An FPGA project made by Samuele Tondelli and Leonardo Bertolani for the AMD Open Hardware Competition.
This project aims to create an FPGA accelerator on the Kria KD240 board to speed up the resolution of SOCP (Second-Order Cone Programming) problems on embedded platforms. This capability is essential for the emerging field of autonomous deep space exploration. We focused on ECOS, an open-source library designed to solve such problems, and decided to accelerate five specific functions:
- spmv: Sparse matrix-vector multiplication.

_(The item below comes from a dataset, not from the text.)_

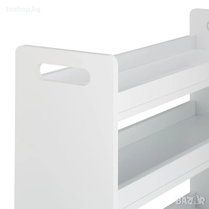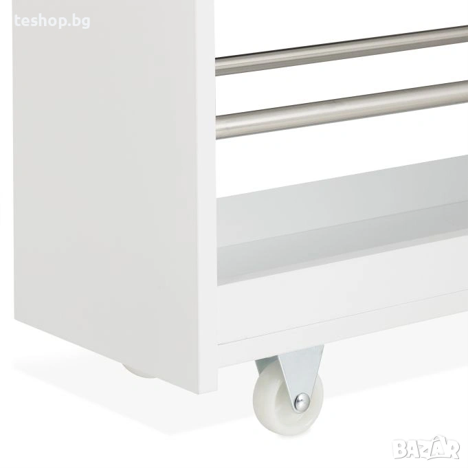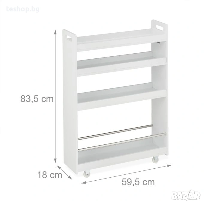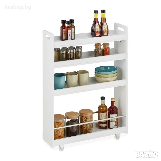 Количка за съхранение на принадлежности за баня или друго Relaxdays Количката на колелца е перфектната мебел за банята или кухнята, която създава практично пространство за съхранение дори в тесни ниши и ъгли. С 4 рафта, тясната етажерка предлага достатъчно място за козметика, почистващи препарати, подправки, консумативи и други принадлежности за баня или кухня. Благодарение на отворения дизайн и 4-те колелца, количката може лесно да се мести напред-назад, а съхраняваните прибори са винаги под ръка.

- spmtvm: Transposed sparse matrix-vector multiplication.
- lsolve: Solves the L part of an LDLt system.
- dsolve: Solves the D part of an LDLt system.
- ltsolve: Solves the Lt part of an LDLt system.
The project was developed using Vitis HLS, creating a monolithic accelerator called xlr8_vec.
- bitstream: Contains the necessary files for uploading the bitstream.
- images: Images used in the README.
- logs: Scripts and files for measuring power consumption.
- power_hw: Sources for generating power measurements.
- xlr8: Contains the HLS source files. Files with the suffix
_tbare testbench files. - xrt_test: Contains the sources for the time benchmarks.
For development, we used Vitis 2024.2. The IP creation process is as follows:
- Create a new component with the target platform
xck24-ubva530-2LV-c, a target clock of7ns, and an uncertainty of1ns. - Add all non-testbench files from directories under
xlr8. You can optionally addxlr8_vec_tb.cppas a testbench. - Run the Synthesis and Package steps in Vitis to generate the IP.
To generate the bitstream, we used Vivado 2024.2 with the following procedure:
- Create a new project with the Kria KD240 as the target platform.
- Import the generated IP and create a new Block Design. Enable all AXI HP slaves and set
PLfabric clocksPL0andPL1to250 MHz. The Block Design should look like this:
- Create an HDL wrapper and run the Synthesis and Implementation steps. For strategies, we used
Flow_PerfOptimized_highandPerformance_ExplorePostRoutePhysOpt, respectively. - Generate the bitstream and export the hardware to get the necessary files, which can also be found in the bitstream folder of this repository.
Note: The generated bitstream has a negative WNS (Worst Negative Slack), but we found no signs of instability during our tests.
Once the files are generated, upload them to the Kria board using the PYNQ environment and a Jupyter Notebook, as shown below:
from pynq import Overlay
import pynq
import numpy as np
import time
ov = Overlay("./deep_space_vec_250_wrapper.bit")All benchmarks can be built with their respective Makefiles by running make. The logs/log_power.c file is the only exception and can be compiled with:
gcc -o log_power log_power.c -O3
To try out the code, simply run the following command, which will build the environment, load the bitstream, and launch the time_bench executable:
sudo ./setup.sh
To just launch the timing benchmarks, once everything is built and the bitstream is loaded, run:
sudo ./xrt_test/build/time_bench
Power measurements can be run by launching at the same time the power_hw and the log_power executables, with the latter printing the measurements.